Slav to the Rhythm: St. Louis Actors' Studio puts Rock 'n' Roll through its paces

Nov 18, 2010 at 4:00 am
Slav to the Rhythm: St. Louis Actors' Studio puts Rock 'n' Roll through its paces
John Lamb

Tom Stoppard's expansive Rock 'n' Roll is the playwright's concept album about political activism, the counterculture, Czechoslovakian political history, the mind/body split, the solace of art, Syd Barrett and just what the hell it is that the working class wants. Like most concept albums, trying to explain it is like tap dancing about fishing — if you want to understand it, you have to experience it for yourself. And it would be very difficult indeed to experience a production of this fine play that exhibited more warmth and carefully wrought performances than the one director Milt Zoth and a powerhouse cast have assembled for the St. Louis Actors' Studio.

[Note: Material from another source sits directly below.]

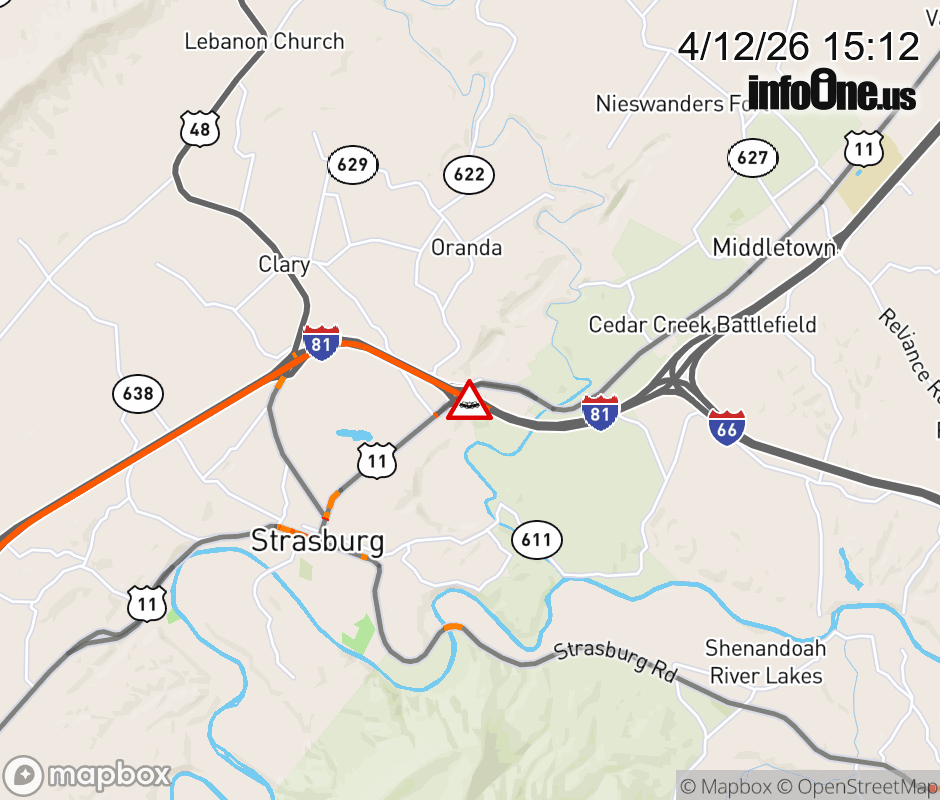 On I-81 North at mile marker 298.4 in the County of Shenandoah, motorists can expect delays due to a vehicle crash. Traffic backups are approximately 3.0 miles. Updated: Sun 4/12/26 3:12 PM EDT ![]() Updated: Sun 4/12/26 3:12 PM EDT |

The core of the story is the relationship between Max (Jerry Vogel), a professor of "brain science" and hard-line member of Great Britain's Communist Party, and Jan (Charlie Barron), a young Czechoslovakian national who leaves Britain and Max's tutelage to return home in 1968, the year the Soviets invaded Czechoslovakia. Max's life is one of intellectual extremism — as far as Max is concerned, there is nothing but the brain and the infallibility of Communist theory, and the one shapes the other. Vogel walks a dangerous line with Max; he's so blinded by his ideology that he's incapable of understanding or empathizing with anyone who doesn't agree with him. Vogel makes this argumentative, dismissive man likable without betraying his nasty side. "I'm sorry about the tanks," he sneers when Jan announces his intent to leave — but he also grudgingly hugs him.

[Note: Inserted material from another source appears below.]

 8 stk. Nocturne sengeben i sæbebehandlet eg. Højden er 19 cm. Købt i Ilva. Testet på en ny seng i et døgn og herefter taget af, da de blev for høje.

Barron's Jan is all heart compared to his mentor. Deliriously in love with rock & roll, he brings his contraband records with him to Czechoslovakia, content to disappear in their grooves as his country slips ever deeper into totalitarianism. As intelligent as Max but much more feeling — is it the music that makes him this way, or is he drawn to the music because of his soul? — Jan is the source of most of the play's greatest lines. The conciliatory Czech leader Dubcek is "basically Cliff Richard." "Police love dissidents like the Inquisition loved heretics," he tells his activist friend Ferdinand (Chris Jones, who gives the character a lived-in, depressive charm). Barron is absolutely outstanding as a man driven from apathy to action not by police beatings or prison, but by the destruction of his albums.

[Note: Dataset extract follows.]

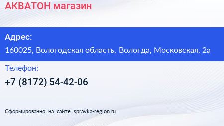 АКВАТОН, магазин по адресу 160025, Вологодская область, Вологда, Московская, 2а в дальнейшем Организация, размещена в следующих категориях:

Scenes are titled after some of the greatest songs in the rock canon, with nifty video projections of the musicians and title projected on the wings (these were created by Michael B. Perkins). For some reason, the Velvet Underground's "I'm Waiting for the Man" featured footage of Jerry Garcia, a juxtaposition that made my asshole pucker in disgust — I'm more like Jan that I care to admit. But just like the chorus of that other Velvets' song (the one that lends its name to the play), "it's all right." And that's how it all ends, too: Some people are saved by Rock 'n' Roll and some people aren't, some people lose everything and some people have everything. And it's all right — "all right" being Lou Reed's ultimate state of grace.